Budgeting, institution and economic performance in Nigeria

The Nigerian Economic Summit Group (NESG) is a non-profit, non-partisan, private sector organisation with a mandate to promote and champion the reform of the Nigerian economy into a modern, globally competitive, sustainable, inclusive, open economy.

==History==
In 1993, a group of private sector leaders representing key economic sectors conceived the Nigerian Economic Summit (NES) and sustained it as a platform for bringing together private sector leaders and senior public sector officials to discuss and dialogue on the future of the Nigerian Economy.

Three years later, in 1996, the Nigerian Economic Summit Group (NESG) was established and incorporated as a non-profit, non-partisan private sector organisation with a mandate to promote and champion the reform of the Nigerian economy into an open, private sector-led globally competitive economy.

In 2022, the Nigerian Economic Summit Group appointed Olaniyi Yusuf as its new chairman.
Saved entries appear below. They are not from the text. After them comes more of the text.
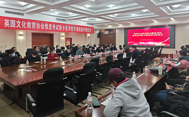 郭凯英代表学校对英国文化教育协会的到来表示欢迎。她指出,本次雅思专场培训在我校落地是对学校“十四五”规划中国际化教育理念的积极贯彻,也是对刚刚结束的本科教育教学审核评估提出的“拓展师生国际视野”这一建议的落实举措。她对培训开展提出了三点要求。一是要强化思想认识,落实行动自觉,希望参培人员珍惜培训机会,努力提升国际化能力和水平。二是要科学合理安排,务求培训实效,对培训的内容、方法、进度等进行全面系统的规划和设计,严格把控培训质量。三是要强化合作融合,促进共同发展,以更加开放的姿态、更加务实的作风、更加有效的措施,促进培训内容与国际教育理念、方法的融合,助力学校创建现代化医科大学。
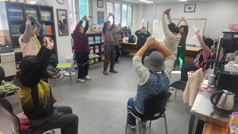 경남조은장애인평생학교 학생들은 1교시 국어 수업 후 2교시 밸런스워킹 시간에 다양한 방식으로 응용하여 걸어보고 어깨, 견갑골, 골반을 자극해보는 시간을 가져보았습니다. 뭉친 근육을 자주 풀어주고 움직여줌으로써 몸이 굳지않고 부드럽게 움직여질수 있도록 자주 스트레칭을 해보기로 하였습니다. 다음으로는 루프밴드를 활용하여 맨몸으로 운동할때보다 좀더 운동효과가 나타날수 있도록 발목에 밴드를 끼고 스쿼트도 해보고 걸어보기도 하며 근력을 키워보는 시간을 가져보았습니다. 오늘도 힘찬 운동시간이었습니다.
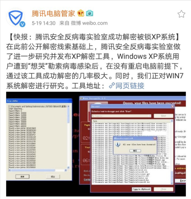 腾讯安全反病毒实验室负责人马劲松表示,关于Windows XP 系统解锁的研究,此前已有安全同行发表了进展,Adrien Guinet首先发现了在XP环境某些条件下,使用CryptDestroyKey和CryptReleaseContext时不会将生成的RSA密钥从内存中销毁,通过搜索目标进程内存的方式,可以搜索到RSA密钥的某些痕迹,但其没有对解密结果进行广泛验证。
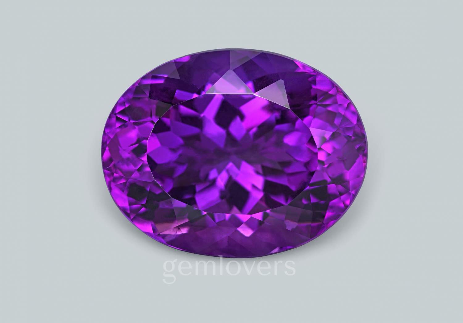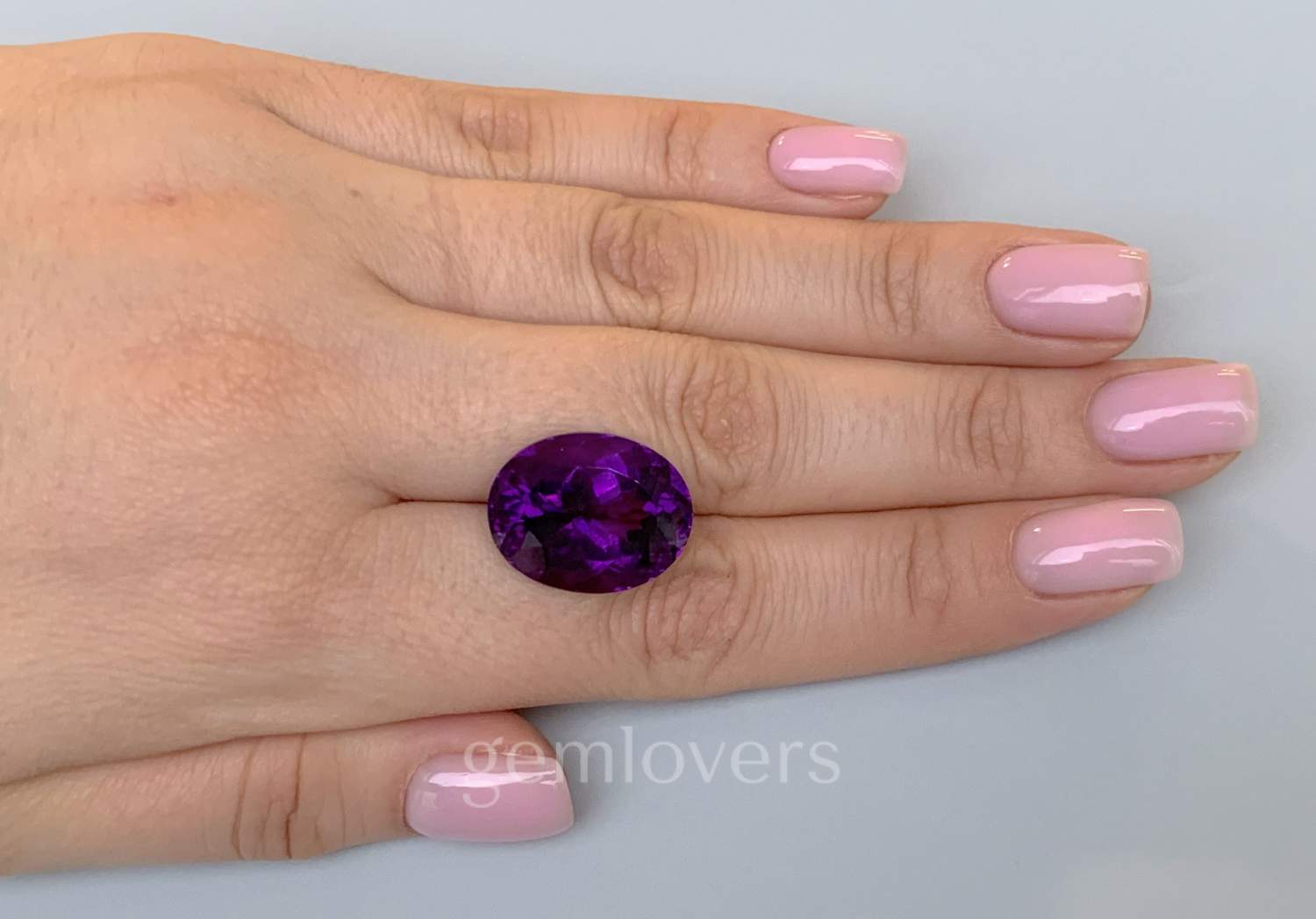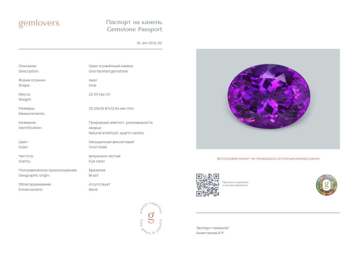 Шикарный цвет этого натурального аметиста - его изюминка, густой, насыщенно-фиолетовый, но не слишком темный. Отличная чистота, красивая форма овала. Аметист прибыл из Бразилии, родины множества самоцветов. Камень не подвергался облагораживанию. Масса - 22.53 карат.

Mr Yusuf, who until his appointment was the first vice chairman of the NESG, took over from Asue Ighodalo, who was appointed in 2018 following the retirement of Mr Kyari Bukar.

In 2023, the NESG announced the appointment of Dr Tayo Aduloju as the new Chief Executive Officer (CEO) of the NESG, effective from 1 January 2024. Until his appointment, Tayo Aduloju was the Chief Operating Officer (COO) and Senior Fellow, Economic Policy, Strategy, and Competitiveness of the NESG.

== The Nigerian Economic Summit ==
The annual Nigerian Economic Summit (NES) is organised in collaboration with the Federal Ministry of Budget and National Planning. The Summit is a yearly gathering of high-level public and private sector leaders in Abuja, the nation’s capital, for dialogue on Nigeria’s economic management.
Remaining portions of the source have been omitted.